В заключение хотелось бы обратить внимание на то, что игровое начало в тексте романа не только фактически присутствует, но специально подчеркивается, и
внимательный читатель не должен игнорировать это обстоятельство. Есть главы с
«театрализованными» названиями: «Игроки», «Шоу должно продолжаться»,
«Уход со сцены». В разных эпизодах декларируется концепция игры, функционируют упоминания об игре в куклы, спектакле, карнавале, театральной студии (103,
112,131).
В первых строчках романа С. Таунсенд цитирует Шекспира. Вслед за классиком она могла бы повторить мысль: «Весь мир театр, а мы в нем актеры». И добавить от себя: «мы с королевой».
ЛИТЕРАТУРА И ПРИМЕЧАНИЯ
1. Хейзинга И. Homo Ludens: статьи по истории культуры. М., 1997.
2. Игра как структурообразующий элемент текста есть не только в английской, но и в
немецкой литературе — у Г. Гессе «Игра в бисер», А.Мехтель (Другая половина мира,
или утренние беседы с Паулой // ИЛ. 1983, № 7).
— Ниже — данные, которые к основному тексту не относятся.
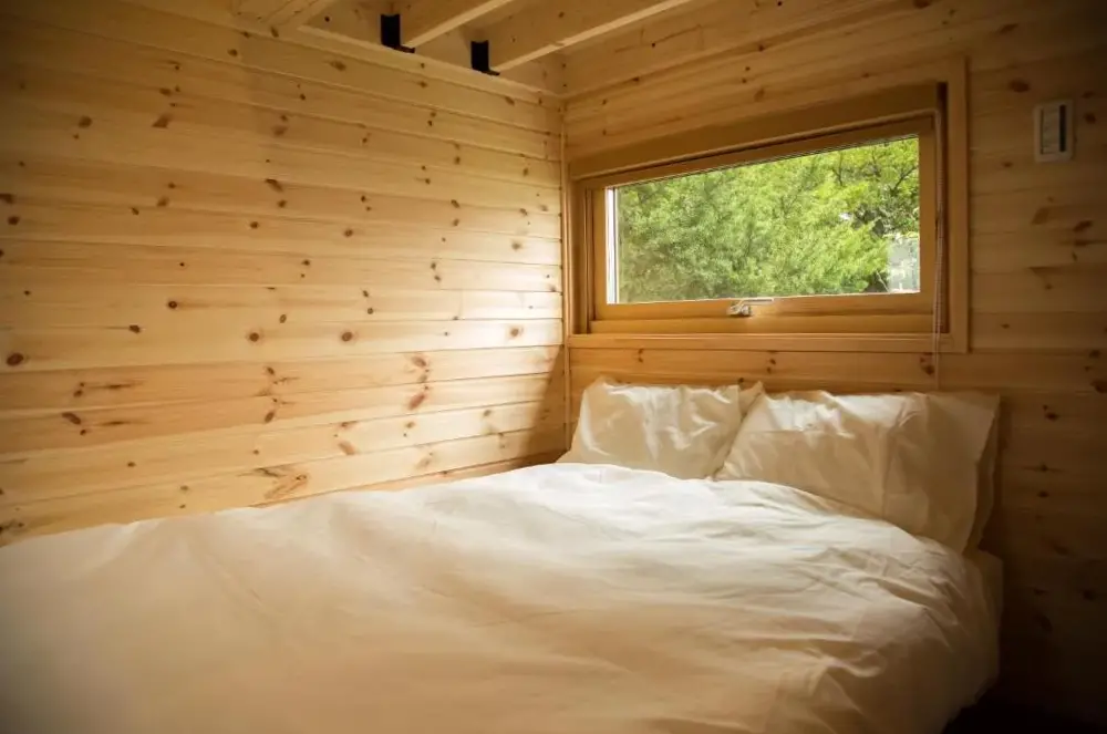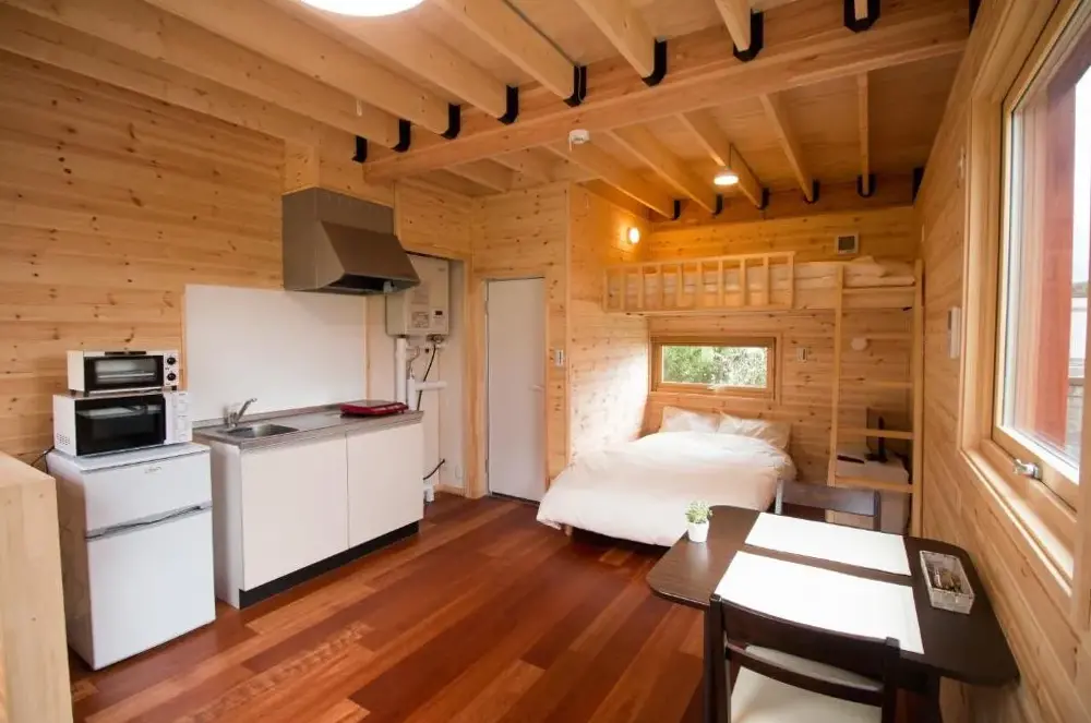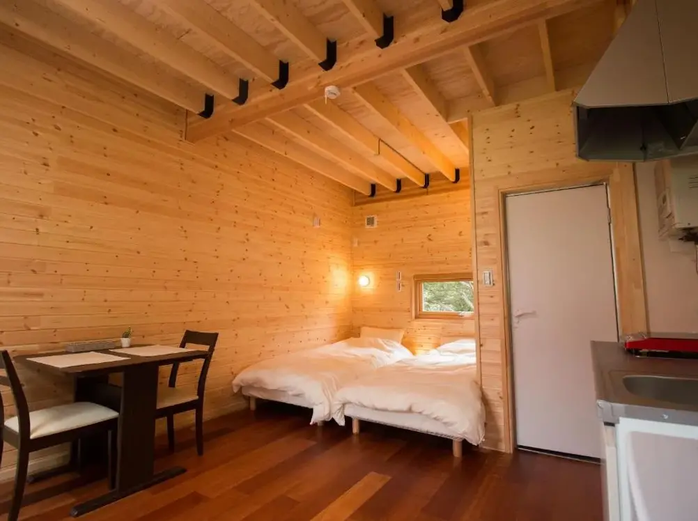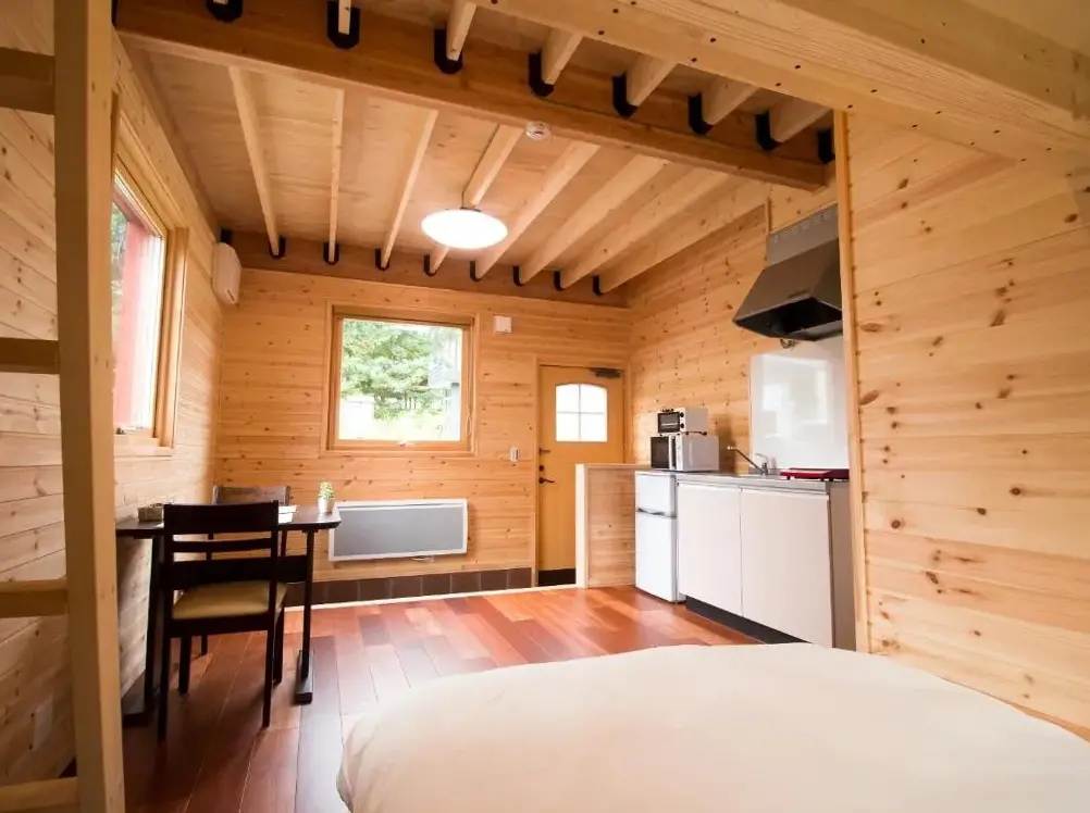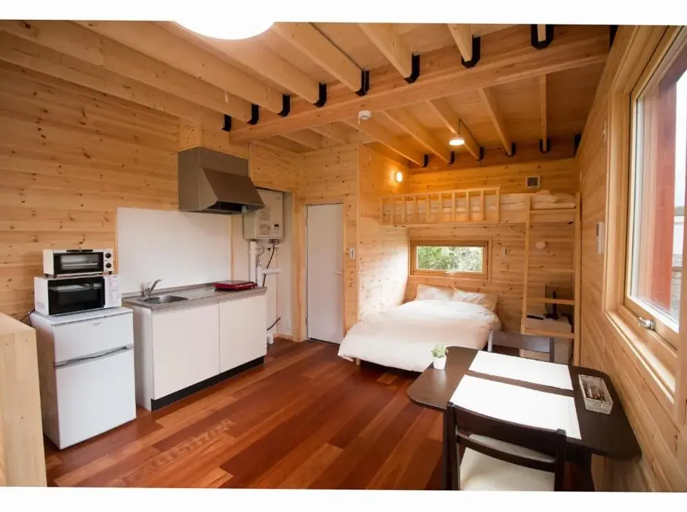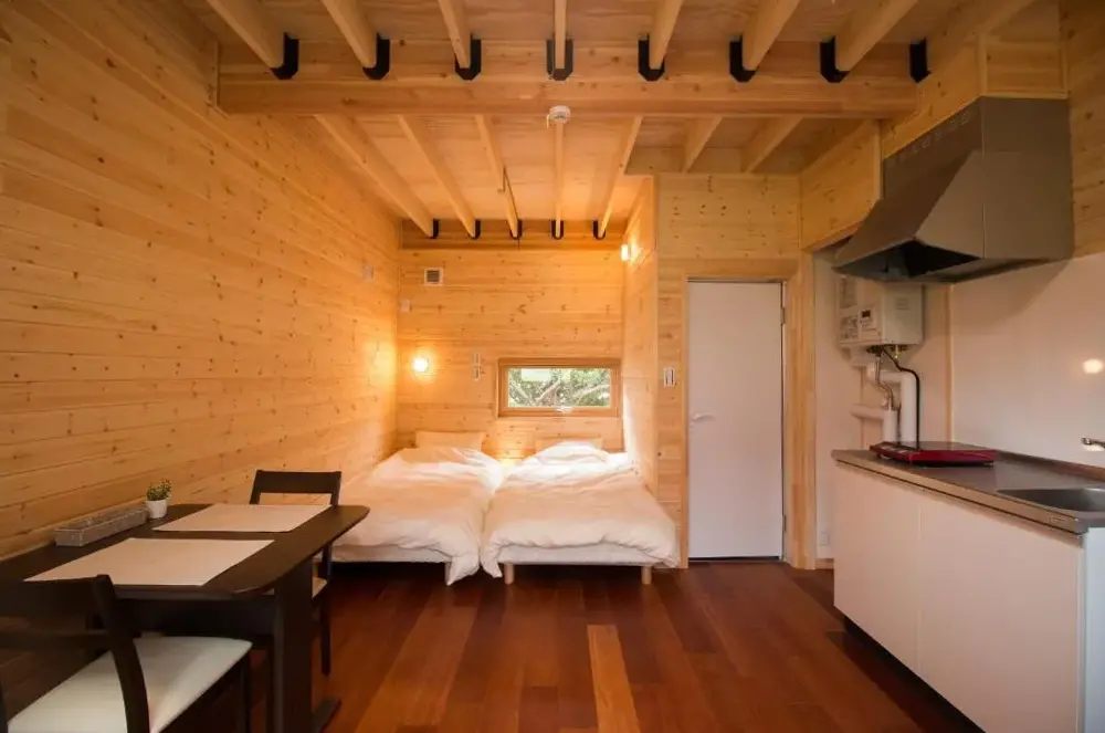 The room is very clean, the wooden building feels very warm, and the outdoor environment is quiet and gives people a very relaxing feeling

Возможны примеры такого же рода из
американской литературы (Хеллер Д. Вообрази себе картину // ИЛ. 1998, № 2. Остер П.
Стеклянный город // ИЛ. 1997, № 6).
3. Sue Tounsend «The Queen and I». L., 1992. Таунсенд С. Мы с королевой (пер. с англ.
И.Стам) //ИЛ. 1994, № 7, С. 119. Далее ссылки на этот источник с указанием страницы
в тексте статьи.
4. Комическое видение истории в английской литературе XX века есть у Б. Шоу в «политической шутке» «Тележка с яблоками». Теоретически проблема «игра и политика»
рассматривается в кн.: Берн Э. Игры, в которые играют люди. М., 1988.
5. Персонажи из животного мира, введенные в сатирических целях, есть у Диккенса
(«Домби и сын»), Голсуорси («Собственник», «Усадьба»), Джерома («Трое в лодке, не
считая собаки»).
6. Мотив сна предваряется в эпиграфе к роману, в первой главе и имеет параллели у Шекспира, Кальдерона, также он разработан в романе А. Мердок «Сон Бруно».